FIG. 1 is a vertical cross-sectional view showing the structure of a cold storage type refrigerator according to an embodiment of the present invention, FIG. 2 is a structural diagram showing the cooler and cold storage agent of FIG. 1, and FIG. 3 is an embodiment of the present invention. FIG. 4 is a longitudinal cross-sectional view showing the structure of a conventional cold storage type refrigerator, and FIG. 6 is a perspective view showing the structure of the cold storage type cooler shown in FIG. 4. 17...Cold box main body, 22...Cold storage chamber, 23...Cold storage chamber, 24...Cold air intake port, 25...Cold air Discharge port, 26...internal blower, 28...first cooler, 3o...
...Second cooler, 32...Cold storage agent, 35.
... Refrigerator unit.

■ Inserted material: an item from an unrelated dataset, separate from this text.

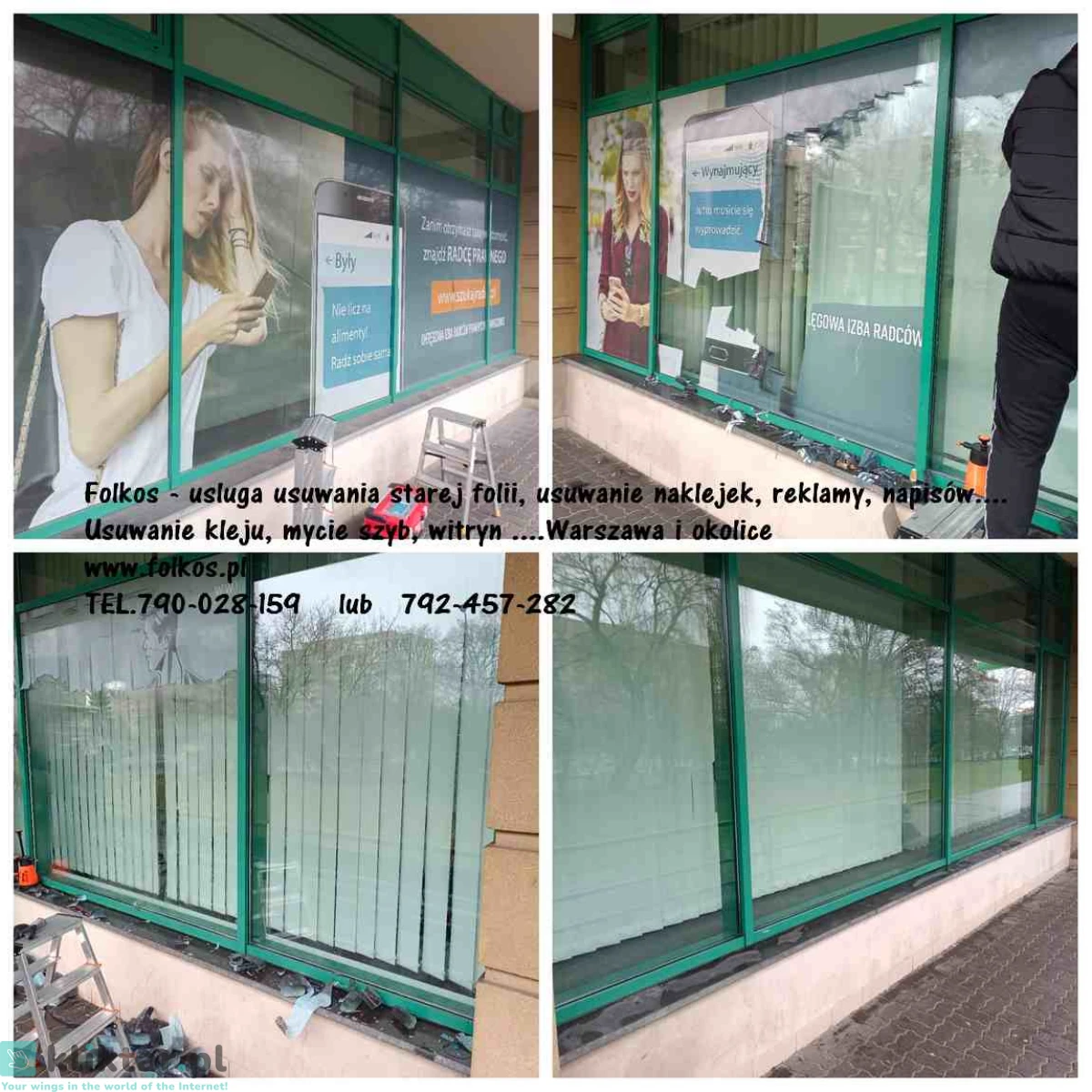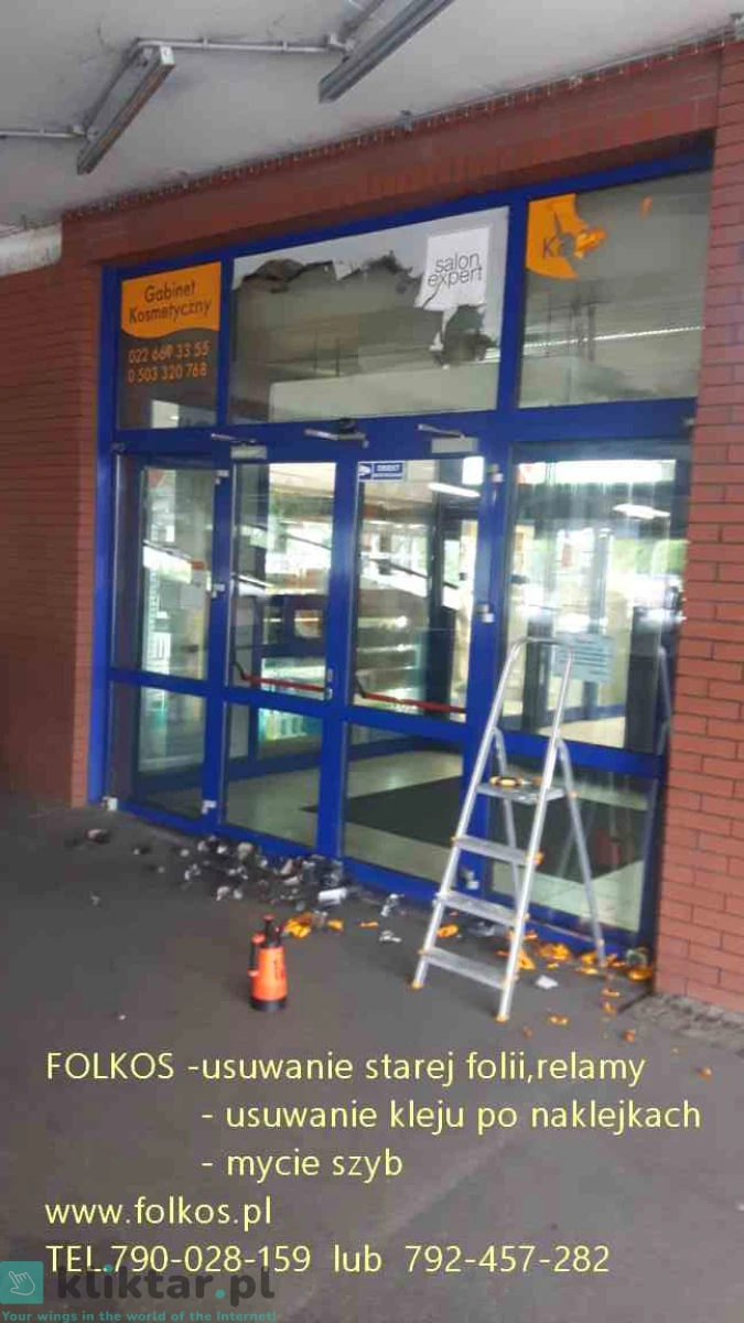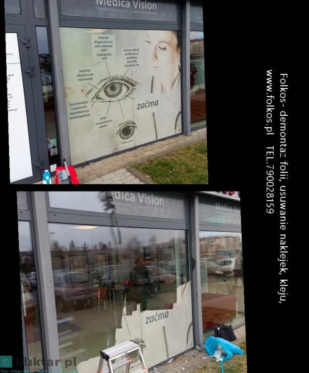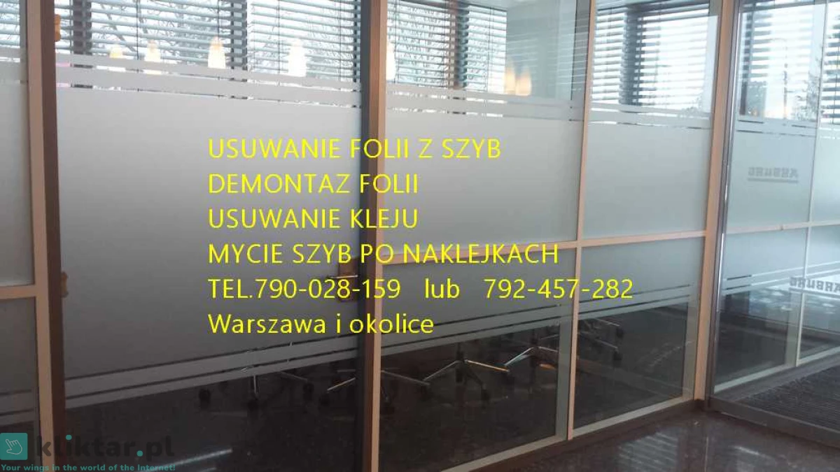 Świadczymy usługę -usuwania, zrywania folii z szyb, witryn, przeszkleń biurowych, wymiany starej zniszczonej folii na nową ...Warszawa i okolice .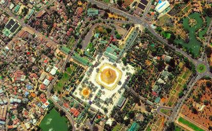 Keywords: architecture asia bâtiment birman birmanie buddhist burma golden myanmar pagodas rangoon rangoun shwedagon sky stupa temple www.wbayer.com wwwwbayercom La pagode est située à 2 km du centre ville de Yangon, au n°1, Shwedagon Pagoda Road. Elle repose sur une plate-forme pavée de marbre de 5,6 hectares, au sommet de la colline de Singuttara, à 51 m au-dessus de la ville. Elle domine l'horizon. On y accède par des escaliers et des ascenseurs situés aux quatre points cardinaux. Deux chinthes (lions mythiques) monumentaux gardent l'entrée sud ; ils ont été offerts par roi Tharrawaddy lors de sa visite en 18418. La pagode principale se trouve au milieu d'un vaste complexe de 72 autres pagodes, pagodons, salles de prières, tazaungs, pyatthats9 et autres édifices religieux à l'architecture typiquement birmane, ainsi que de très nombreuses statues de bouddhas et de nats. Le stûpa atteint la hauteur de 98 mètres. Sa base est faite de briques recouvertes de milliers de plaques d'or. Elle est entourée d'une forêt de 64 petits pagodons10 qui forment une petite enceinte avec 4 temples plus grands situés aux points cardinaux. Sur la flèche se trouve une sorte d'ombrelle, appelée le hti en birman où sont accrochées 1065 clochettes d'or et 420 clochettes d'argent11, ainsi qu'une girouette ornée de pierres précieuses. Elle se termine par le seinbu, une petite sphère d'or incrustée de milliers de diamants12 dont une émeraude13 de 76 carats. La pagode est située à 2 km du centre ville de Yangon, au n°1, Shwedagon Pagoda Road. Elle repose sur une plate-forme pavée de marbre de 5,6 hectares, au sommet de la colline de Singuttara, à 51 m au-dessus de la ville. Elle domine l'horizon. On y accède par des escaliers et des ascenseurs situés aux quatre points cardinaux. Deux chinthes (lions mythiques) monumentaux gardent l'entrée sud ; ils ont été offerts par roi Tharrawaddy lors de sa visite en 18418. La pagode principale se trouve au milieu d'un vaste complexe de 72 autres pagodes, pagodons, salles de prières, tazaungs, pyatthats9 et autres édifices religieux à l'architecture typiquement birmane, ainsi que de très nombreuses statues de bouddhas et de nats. Le stûpa atteint la hauteur de 98 mètres. Sa base est faite de briques recouvertes de milliers de plaques d'or. Elle est entourée d'une forêt de 64 petits pagodons10 qui forment une petite enceinte avec 4 temples plus grands situés aux points cardinaux. Sur la flèche se trouve une sorte d'ombrelle, appelée le hti en birman où sont accrochées 1065 clochettes d'or et 420 clochettes d'argent11, ainsi qu'une girouette ornée de pierres précieuses. Elle se termine par le seinbu, une petite sphère d'or incrustée de milliers de diamants12 dont une émeraude13 de 76 carats.

Name of agent: Patent attorney Shigetaka Awano and 1 other person6
--f noodle feed haze 1 fraud (27-battery 43-tυ road switch Fig. 17- maintenance;

Claims (1)

[Claims] A heat insulating partition wall has a cold air intake port and a cold air discharge port at both ends that divide the inside of the cold storage compartment into a cold storage room and a cold storage room, and a wall that blows air in the same direction inside the cold storage compartment and directs the cold air from the cold air discharge port toward the cold storage room. An internal blower powered by a battery that circulates cold air from the cold storage inlet to the cold storage chamber, a first cooler with ventilation path A installed inside the cold storage chamber, and a first cooler installed downstream of the first cooler. a second cooler, a cold storage unit arranged to exchange heat with the second cooler by arranging the cold storage agent so that the second cooler has a ventilation path B, and a cold storage unit provided outside the cold storage room. A refrigerator unit that connects with a first cooler and a second cooler to form a refrigeration cycle, a freezing temperature controller that detects the temperature of the cold storage room and controls the operation/stopping of the internal blower, and the inside of the refrigerator. A cold storage type refrigerator characterized by being equipped with a changeover switch that forcibly stops the blower.